I am trying to find the function f that satisfies $\cos x=f '(x)+f(-x)$

Question

$\cos x=f '(x)+f(-x)$

I manage to solve $f '(x)+f(x)= \cos x$, starting first by solving $y'=-y$ using $y=\exp(ax)$. But here I get stuck because of $f(-x)$.

Answer 1

Assume that $f$ is a solution valid on all of ${\mathbb R}$. Then we can write $f$ in the form $f(x)=u(x)+v(x)$ with $u$ an even and $v$ an odd function of $x$. It follows that we have $$u'(x)+v'(x)+u(x)-v(x)\equiv \cos x\ .$$ Separating even and odd parts here entails $$v'(x)+u(x)\equiv\cos x,\qquad u'(x)-v(x)\equiv0\ .\tag{1}$$ It follows that $$u''(x)+u(x)\equiv\cos x\ .\tag{2}$$ Now this is an ordinary differential equation, and we want an even solution of this equation.

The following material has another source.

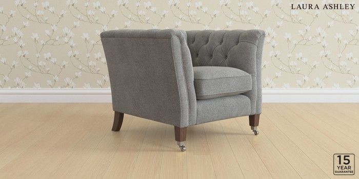 6.12.1 Buy Chatsworth Button Back by Laura Ashley Armchair Wooton Dark Steel Grey Straight Chrome Castor - Chestnut from the Laura Ashley online shop Click here to use our website with more accessibility support, for example screen readers

The general solution of the associated homogeneous equation is $u_{\rm hom}(x)=A\cos x+B\sin x$. A particular solution of the given inhomogeneous equation is found by the Ansatz $u_{\rm part}(x):=x(C\cos x+D\sin x)$ and determining the coefficients $C$ and $D$. Plugging the Ansatz into $(2)$ we obtain $C=0$, $D={1\over2}$. It follows that the general even solution of $(2)$ is given by $$u(x)=A\cos x+{x\over2}\sin x\ ,$$ and the second equation $(1)$ then gives $$v(x)=u'(x)={1\over2}\bigl(x\cos x+(1-2A)\sin x\bigr)\ .$$ This leads to $$f(x)=u(x)+v(x)=A(\cos x-\sin x)+{1\over2}\sin x+{x\over2}(\cos x+\sin x)\ .$$ It remains to check whether such $f$s indeed satisfy the originally given condition. I can leave this to you.